Therefore the driver knows that point B is in the direction of (0, 0, -1) and a distance of: Magnitude(100-30, 0-0, 0-40) = 80.6 meters. point A is a little more difficult as subtracting the values as such won't give the direction in relation to the driver, hence how I figured I had the issue described in note 1. I had simply did driverPosition - conePosition, to get direction/distance, but that direction remained in world space. Doing this above for point B was simple because I defined the driver to be looking straight at that point, knowing straight ahead is (0, 0, -1).

I now need to figure out how to get the direction from driver to point A relative to the driver. It should be something along the lines of, as a complete and utter guess based on estimating distances from those points on graph paper, seems A is just under 40 meters in front of the driver and just about 25 meters to the right. I will continue this post with these estimated values, though don't be disappointed if the math doesn't come out exactly to the expected driver position, world(30, 0, 40).

The distance to point A (from my estimation) is about ~47.2 meters. The actual world space distance is: (to check my work): ~44.7 meters, so my estimation is withing 3 meters, not bad for graph paper at 10m per square!

///////////////////////////////////// Therefore the driver knows the following:

Reference Point A is 47.2 meters in the direction of driver(0.53, 0.0, -0.85) which would be positioned driver(25, 0, -40)
Reference Point B is 80.6 meters in the direction of driver(0, 0, -1) which would be positioned driver(0, 0, -80.6)

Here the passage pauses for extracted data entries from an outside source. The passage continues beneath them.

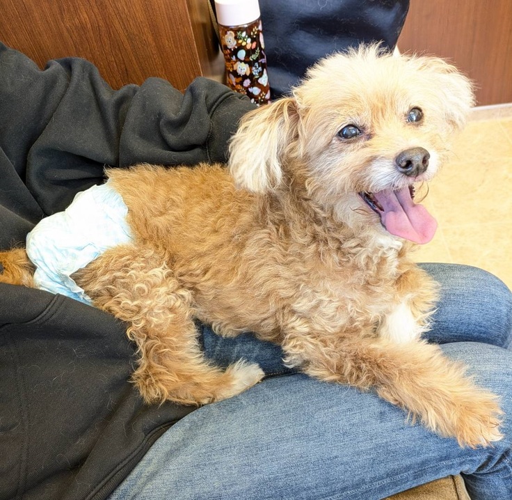 (術前、個室の控室にてオムツをはいて満面の笑みを浮かべるちゃわちゃん)
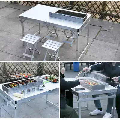 Special outdoor folding table and chair set for barbecue grill, aluminum alloy portable stalls picnic mahjong car table
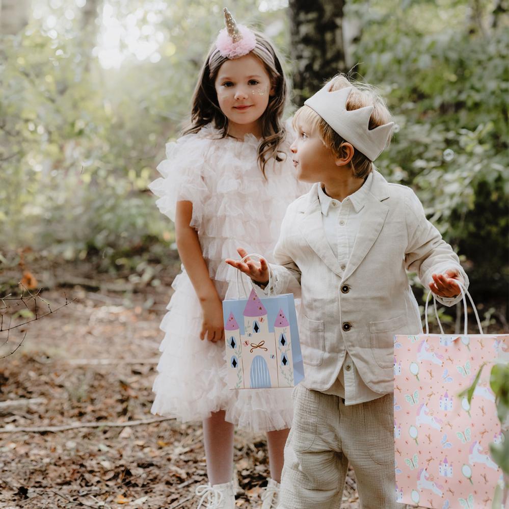 Lapset arvostavat lahjapussia, jossa on linnakuvio, erityisesti silloin, kun se sopii täydellisesti prinssi ja prinsessajuhliin, joissa mielikuvitukselliset leikit saavat tilaa. Prinsessajuhlissa teema täydentyy oikealla lahjapussilla. Tämä tarvike sopii erinomaisesti myös silloin, kun juhlissa toivotaan klassista prinsessateemaa.
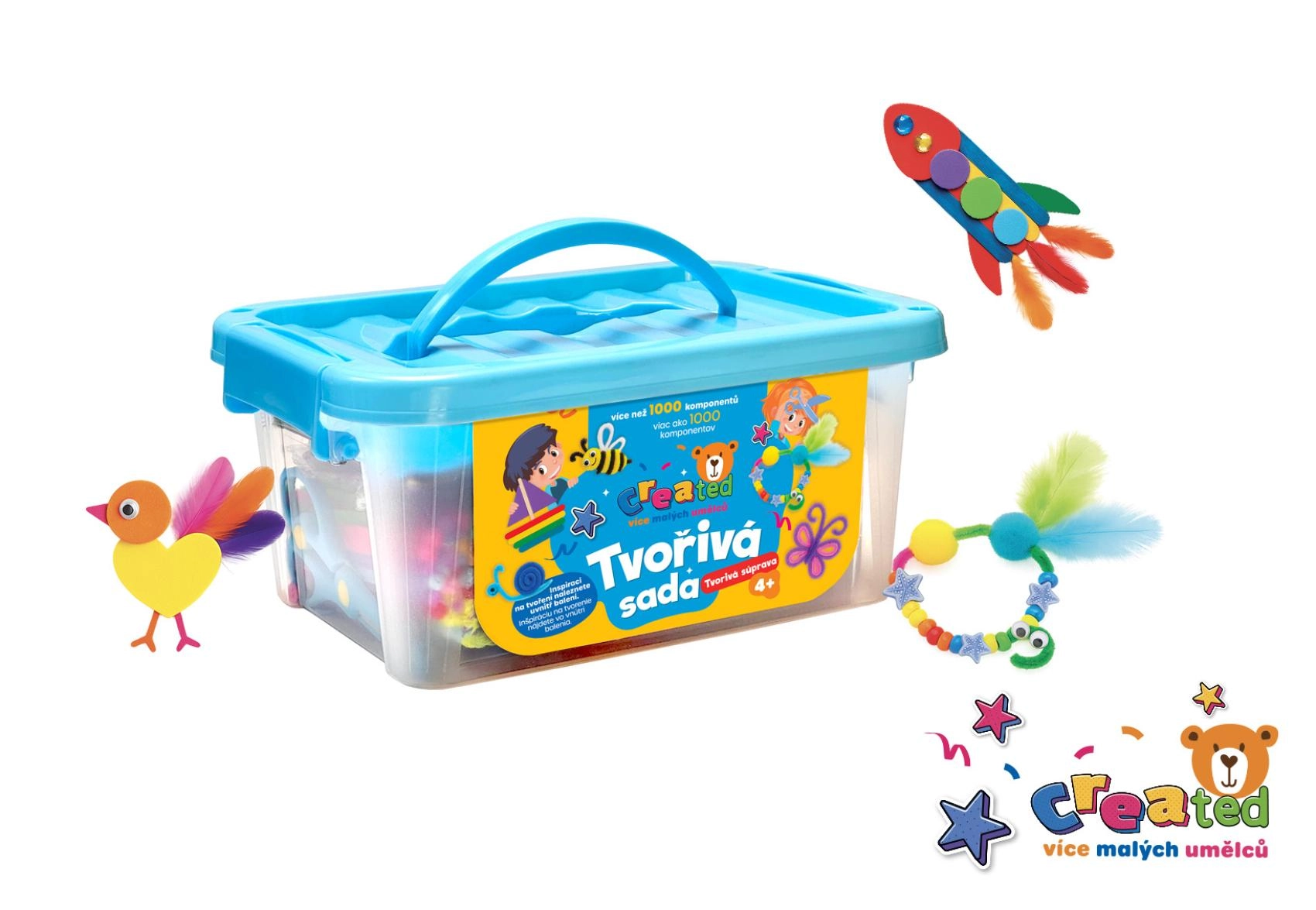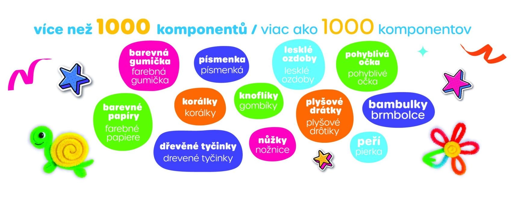 See rikkalik komplekt arendab lapse fantaasiat, peenmotoorikat ja loovust. Tänu mitmekesistele materjalidele saavad lapsed valmistada oma kaunistusi, loomakesi, lilli ja pisikesi dekoratsioone – kodus, lasteaias või reisil. Praktiline karp hoiab kõik detailid koos ja teeb koristamise kiiremaks.
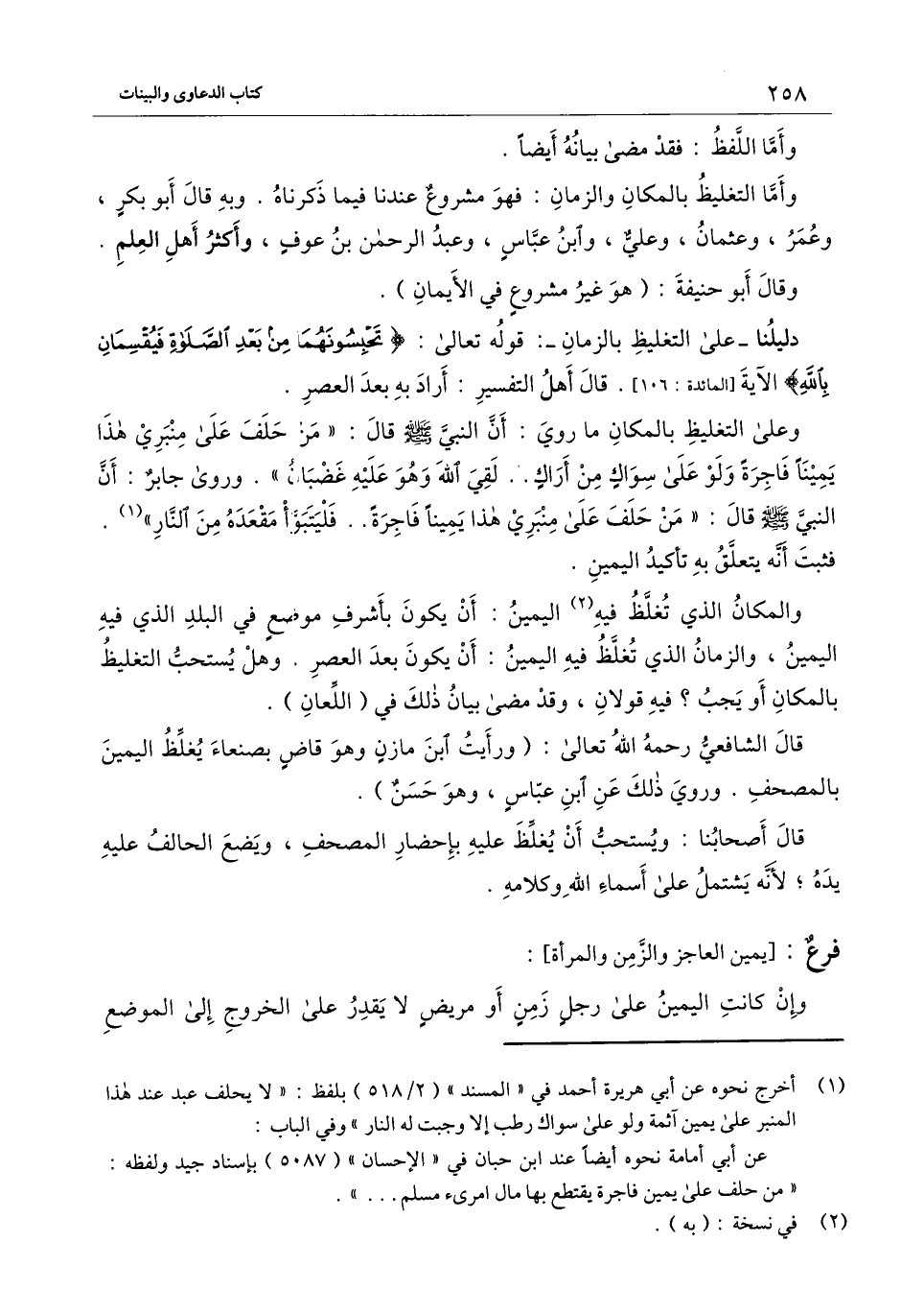 وعلى التغليظ بالمكان ما روي: أن النبي - صَلَّى اللَّهُ عَلَيْهِ وَسَلَّمَ - قال: «من حلف على منبري هذا يمينا فاجرة ولو على سواك من أراك.. لقي الله وهو عليه غضبان» . وروى جابر: أن النبي - صَلَّى اللَّهُ عَلَيْهِ وَسَلَّمَ - قال: «من حلف على منبري هذا يمينا فاجرة.. فليتبوأ مقعده من النار» . فثبت أنه يتعلق به تأكيد اليمين.
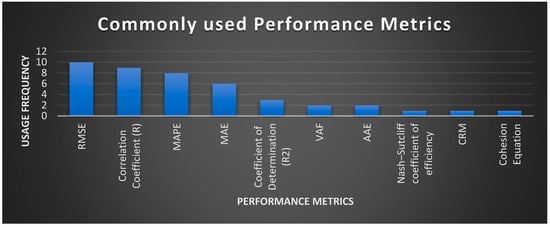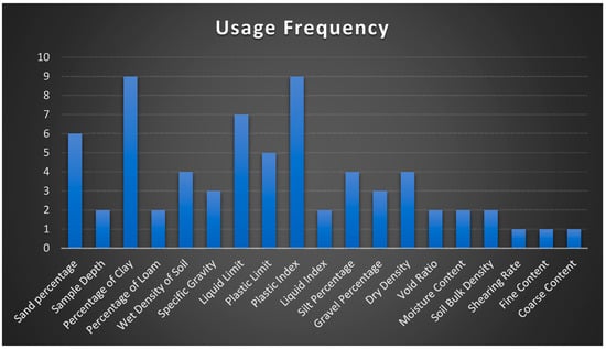 Similarly, for the prediction of soil shear strength, the authors in [68] made use of a functional network. The database for training the proposed predictive model was taken from [69], which consisted of a total of 131 soil samples from landslide areas, slope failure areas, volcanic eruption areas, etc. Input parameters that were considered for soil shear-strength estimation included liquid limit, plasticity index, and clay fraction. In order to compute the performance and efficiency of the proposed functional network-based predictive model, the authors compared their model with SVM- and ANN-based models using performance metrics such as the Nash–Sutcliffe coefficient of efficiency, correlation coefficient, maximum average error (MAE), RMSE, and absolute average error (AAE). According to the results, it was observed that the author’s proposed functional network-based model performed better than the ANN in terms of the Nash–Sutcliffe coefficient of efficiency and correlation coefficient. However, its performance was not found to be better in comparison to the SVM-based model.

The driver will be given the world space position of each reference point, as he is trying to compute his own world space position.

Reference Point A is world(50, 0, 0)
Reference Point B is world(100, 0, 0)

/////////////////////////////////////


Given only that information the driver needs to figure out he is actually at world(30, 0, 40)....

If I take driverB - driverA that will give me the vector from A to B in driver space. driver(-25, 0.0 -40.6) and he is trying to line that up with the world space vector from A to B which is world(50, 0, 0)

I will admit to being slightly lost and currently rambling about numbers and positions that are known, trying to find a way to use some other mathematical function to get from what the driver knows to where the driver IS.

My line of thought is something along the lines of this, we have a triangle, in the world space we see this as reference point A, to reference point B to driver. world(50, 0, 0) to world(100, 0, 0) to world(30, 0, 40). The driver also sees a triangle, but it currently exists in driver space as follows: driver(25, 0, 40) to driver(0, 0, -80.6) to driver (0, 0, 0). Since the driver has the vector from reference point A to reference point B in both world and driver space, he should be able to figure out his position in world space. Lets see trigonometry....

Getting the angle between worldAtoB and driverAtoB is going to be easy and critical. The question then is what to do with that angle, and my brain isn't connecting dots.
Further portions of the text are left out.